▸ **EXERCISE DESCRIPTION**
Pictures appear among the records. Write out all else exactly as it stands.

(RECORD SET begins)

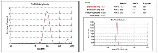 The smallest particle size of the optimized formulation is desirable with minimum PDI to keep the formulations stable. The particle size and PDI of optimized bergenin-loaded NPs are presented in Figure 6. Readings were taken in a triplicate manner and expressed as (n = 3, mean ± SD). The mean particle size for optimized nanoformulation was observed to be 86.17 ± 2.1 nm with a PDI of 0.30 ± 0.03. Zeta potential is a parameter that measures the surface charge of the formulation and is the measure of the stability of the nanodispersions. Absolute high potential values (±30 mV) are preferable in most cases in order to create a high energy barrier between the particles preventing their coalescence. The zeta potential value of the optimized nanoformulation was −32.33 ± 5.53 and is presented in Figure 6.
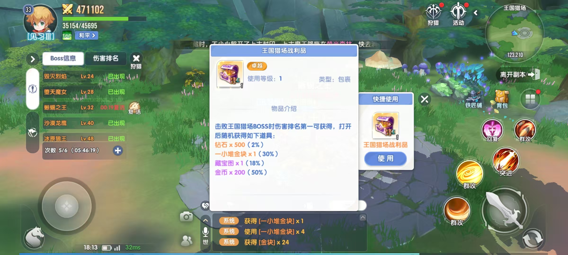王国猎场为等级解锁式日常活动,需角色达到主线指定等级后方可激活。该玩法本质为限时多人协作Boss挑战系统,核心目标是通过累计伤害量角逐全服排名,从而获取稀有资源与专属奖励。单场战斗时长紧凑,平均耗时约2–3分钟,适配通勤、午休等碎片化时段。活动周期固定开放,每日可稳定参与,是提升战力的关键材料来源之一。
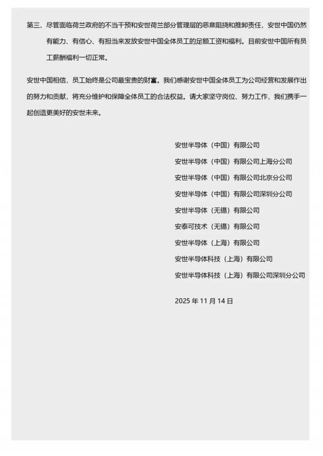 大家好!相信大家已经看到 2025 年 11 月 12 日以安世荷兰临时首席执行官 Stefan Tilger 名义发出的致安世中国全体员工信。该信函枉顾事实,试图混淆视听,充分反映出安世荷兰部分管理层推卸责任,置安世中国全体员工切身利益于不顾的态度。公司理解该信函会给大家带来困惑,为此,特向大家作如下说明,以正视听:
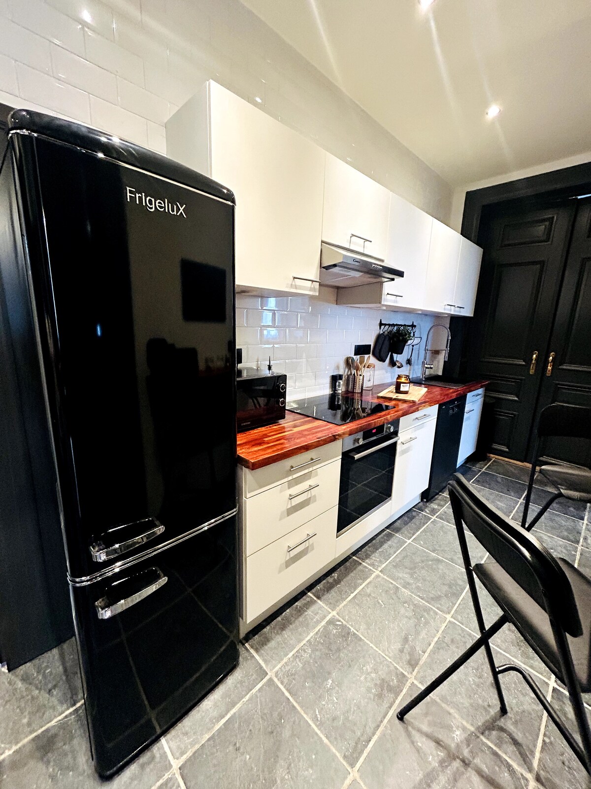 Quiet and bright apartment of 130 m2 recently renovated (2021) with high molded ceilings, on the 1st floor. Fully-equipped kitchen opening into a large dining room in continuity with a living room, an entry hall and a study. The duplex rear part of the apartment has 2 beautiful bedrooms, one with a BEKA bed, a bathroom with shower and bath, a separate toilet and a small equipped laundry room. Vintage furniture, warm and cozy atmosphere
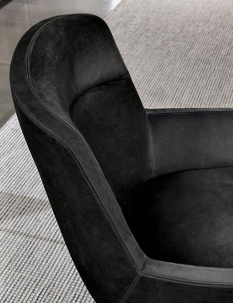 The seat rests on a die-cast aluminium base with a polished Brandy-coloured anti-touch varnished finish, which enhances the armchair and, in its leather version, recalls the metal finishes of exquisite leather bags.
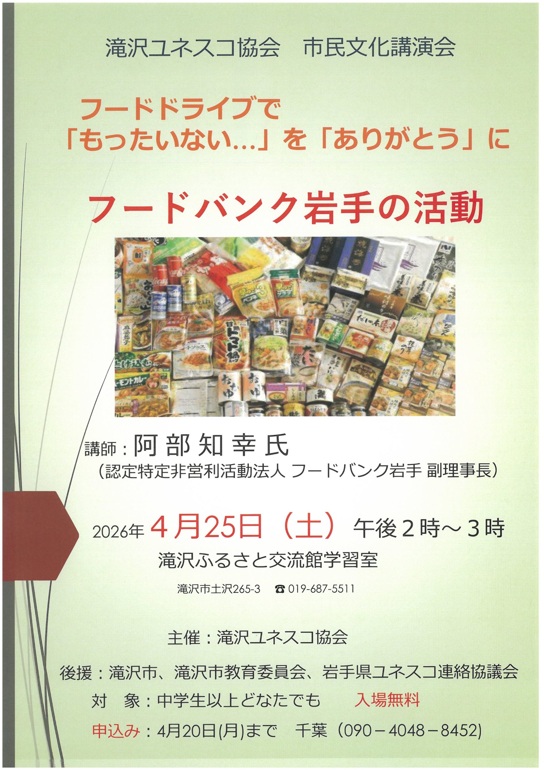 滝沢市民文化講演会(滝沢ユネスコ協会) イベント・セミナー情報 2026/03/09 滝沢ユネスコ協会市民文化講演会 フードドライブで「もったいない」を「ありがとうに」フードバンク岩手の活動 講師 阿部 知幸 氏(認定特定非営利法人フードバンク岩手副理事長) 【日時】 2026年4月25日(土) 14:00~15:00 【会場】 滝沢ふるさと交流館学習室 【入場料】 無料 【申し込み】 4月20日(月)まで 中学生以上どなたでも 【申し込み・お問合せ】 千葉(090-4048-8452)
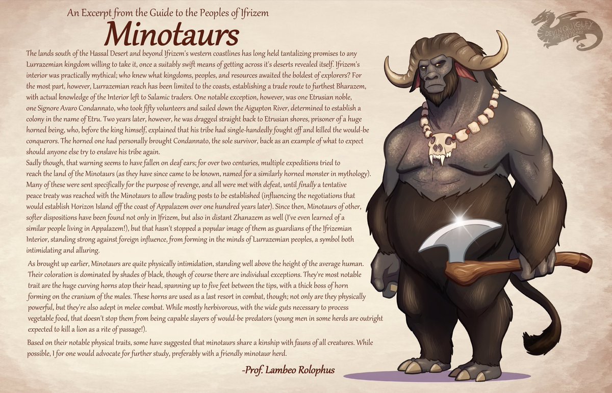 Hard-headed and easily persuaded, Noona is a pirate infamous for his ruthlessness in combat. #dndcharacter #minotaur #fantasycharacter #DnD

(RECORD SET ends)

▸ **YOUR SOLUTION**
 The smallest particle size of the optimized formulation is desirable with minimum PDI to keep the formulations stable. The particle size and PDI of optimized bergenin-loaded NPs are presented in Figure 6. Readings were taken in a triplicate manner and expressed as (n = 3, mean ± SD). The mean particle size for optimized nanoformulation was observed to be 86.17 ± 2.1 nm with a PDI of 0.30 ± 0.03. Zeta potential is a parameter that measures the surface charge of the formulation and is the measure of the stability of the nanodispersions. Absolute high potential values (±30 mV) are preferable in most cases in order to create a high energy barrier between the particles preventing their coalescence. The zeta potential value of the optimized nanoformulation was −32.33 ± 5.53 and is presented in Figure 6.
王国猎场为等级解锁式日常活动,需角色达到主线指定等级后方可激活。该玩法本质为限时多人协作Boss挑战系统,核心目标是通过累计伤害量角逐全服排名,从而获取稀有资源与专属奖励。单场战斗时长紧凑,平均耗时约2–3分钟,适配通勤、午休等碎片化时段。活动周期固定开放,每日可稳定参与,是提升战力的关键材料来源之一。
 大家好!相信大家已经看到 2025 年 11 月 12 日以安世荷兰临时首席执行官 Stefan Tilger 名义发出的致安世中国全体员工信。该信函枉顾事实,试图混淆视听,充分反映出安世荷兰部分管理层推卸责任,置安世中国全体员工切身利益于不顾的态度。公司理解该信函会给大家带来困惑,为此,特向大家作如下说明,以正视听:
 Quiet and bright apartment of 130 m2 recently renovated (2021) with high molded ceilings, on the 1st floor. Fully-equipped kitchen opening into a large dining room in continuity with a living room, an entry hall and a study. The duplex rear part of the apartment has 2 beautiful bedrooms, one with a BEKA bed, a bathroom with shower and bath, a separate toilet and a small equipped laundry room. Vintage furniture, warm and cozy atmosphere
 The seat rests on a die-cast aluminium base with a polished Brandy-coloured anti-touch varnished finish, which enhances the armchair and, in its leather version, recalls the metal finishes of exquisite leather bags.
 滝沢市民文化講演会(滝沢ユネスコ協会) イベント・セミナー情報 2026/03/09 滝沢ユネスコ協会市民文化講演会 フードドライブで「もったいない」を「ありがとうに」フードバンク岩手の活動 講師 阿部 知幸 氏(認定特定非営利法人フードバンク岩手副理事長) 【日時】 2026年4月25日(土) 14:00~15:00 【会場】 滝沢ふるさと交流館学習室 【入場料】 無料 【申し込み】 4月20日(月)まで 中学生以上どなたでも 【申し込み・お問合せ】 千葉(090-4048-8452)
 Hard-headed and easily persuaded, Noona is a pirate infamous for his ruthlessness in combat. #dndcharacter #minotaur #fantasycharacter #DnD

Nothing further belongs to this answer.